Pour la santé psychique au Malawi

Malgré la fréquence des maladies neurologiques et psychiques les possibilités de les traiter sont rare au Malawi. C’est pourquoi DIFAEM soutient des programmes de formation pour le personnel médical dans le domaine de la santé psychique et mental pour les soins et la sensibilisation des malades dans les villages.

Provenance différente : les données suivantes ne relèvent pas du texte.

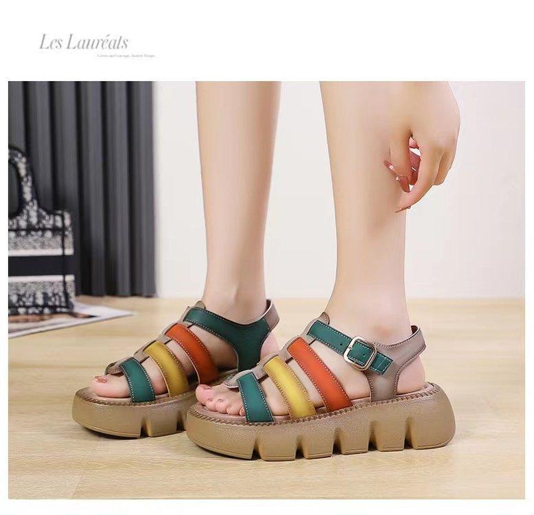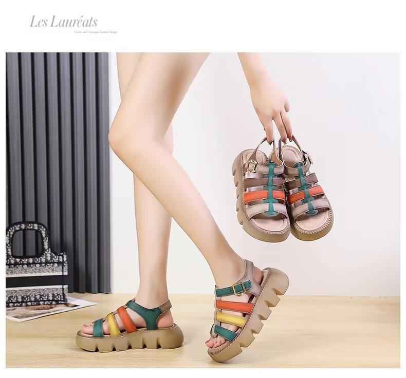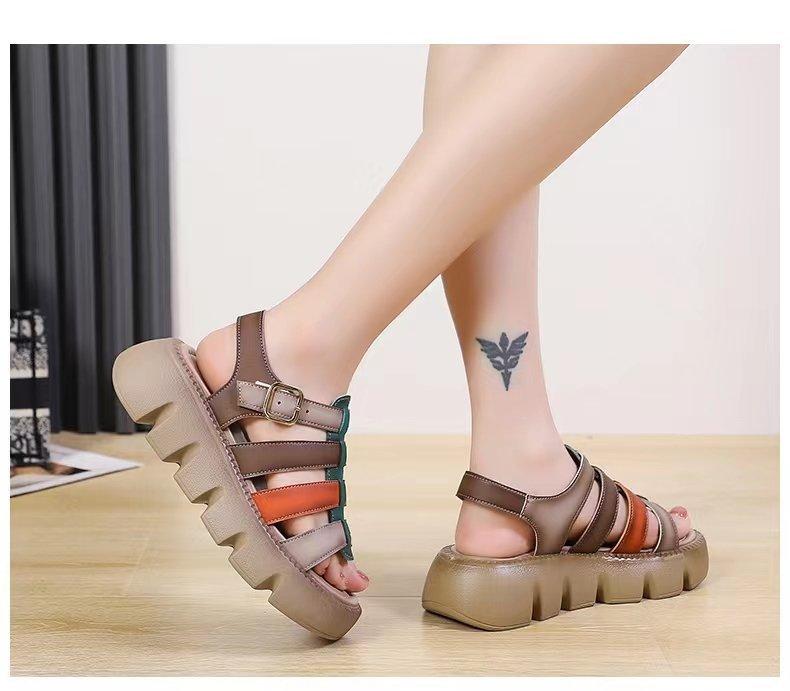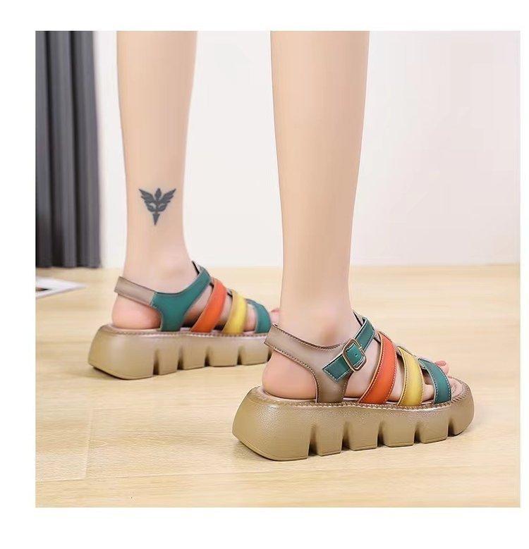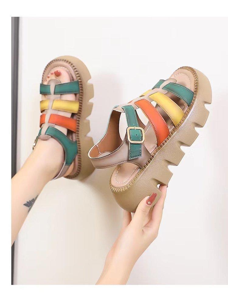 Sandalias de Suela Gruesa para Mujer, Sandalias de Plataforma Nuevas de Combinación de Colores Versátiles para Mujer a la Moda para Verano 2025 con Sandalias Romanas Casuales de Moda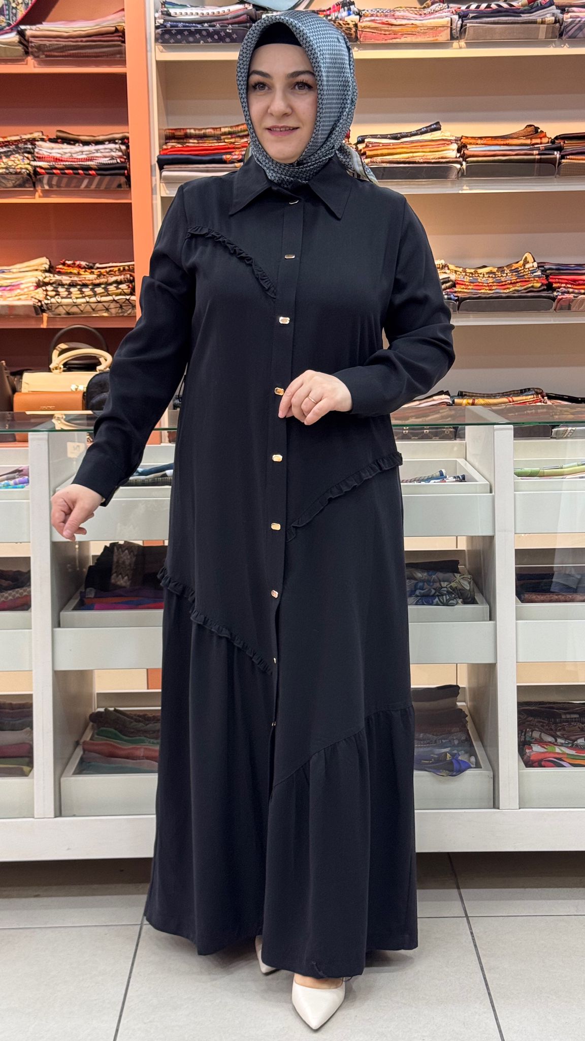 Fırfır Ve Düğme Detaylı Elbise Siyah/1175

Joyce, une jeune étudiante, arrive à l‘hôpital de Nkhoma au Malawi à cause d’un fort mal au ventre. On ne trouve rien qu’a pu causer ses douleurs et on la retourne chez elle. Elle revient et cette fois-ci elle se plaint de maux divers, mais on ne peut encore une fois pas lui aider. Lors de sa quatrième visite à l’hôpital elle est examinée par un infirmier, Lombani Mhango. Il avait participé à une formation supplémentaire au sujet des maladies psychiques et il lui demande s’il y a quelque chose d’accablant dans sa vie. Et puis elle s’éclate: à l’université de Lilongwe la rumeur circule qu’elle est VIH positive. Elle est exclue et harcelée quoiqu’elle puisse réfuter la rumeur par un test VIH de résultat négatif.

Cette situation était très accablante pour elle. Joyce avait commencé ses études pleine d’enthousiasme, parce que c’est assez rare que les parents financent des études d’une fille. Elle s’était confiée à ses parents qui lui avaient conseillé de ne pas se laisser décourager. Ces visites à l’hôpital étaient des appels au secours qu’on a pu comprendre. Après des entretiens avec Lombani, Joyce commençait à se distancier de cette situation accablante. Les maux physique de l’étudiante se sont améliorés et elle a retourné à l’université. Aujourd’hui elle est en bonne condition et elle est contente d’être capable de finir ses études.

Des raisons diverses

Les raisons pour les maladies psychiques dans les pays de faibles ressources sont multiples. Les facteurs de risque sont le stress causé par les guerres et les conflits, la fuite, les catastrophes naturelles, la violence contre les femmes et la marginalisation sociale. Mais il y a aussi des maladies physiques qui influencent la santé psychique comme le VIH.  Souvent c’est  regardé comme punition de Dieu ou causé par des démons. C’est pour cela que les malades psychiques sont souvent stigmatisé(e)s, discriminé(e)s, même caché(e)s par ses familles. Dans les pays africains il y a de grands déficits quand aux soins de malades psychiques.

Sortir les maladies du tabou

Même si les maladies neurologiques comme l’épilepsie, des dépressions et des troubles anxieux sont largement répandus il y a peu de possibilités de les traiter. Mais la sensibilisation est urgemment nécessaire.  C’est la raison pour laquelle on a intégré le sujet santé mentale/psychique dans le programme existant de l’hôpital partenaire de DIFAEM au district Lilongwe.

DIFAEM soutient donc des formations du personnel médical dans le domaine des maladies et de la santé psychiques. Ces personnes qualifiés forment des groupes de spécialistes qui travaillent à l’hôpital et visitent les villages. Là, ils instruisent la population et sensibilisent les chefs des villages. Ils visitent régulièrement les malades psychiques chez eux, leur apportent des médicaments ou s’occupent de l’hospitalisation si nécessaire. Ils accompagnent aussi des groupes de soutient des toxicomanes et des dépendants de l’alcool. Et ils s’occupent des épileptiques et leur apportent les médicaments indispensables sans que les malades doivent se mettre sur des longs chemins difficiles.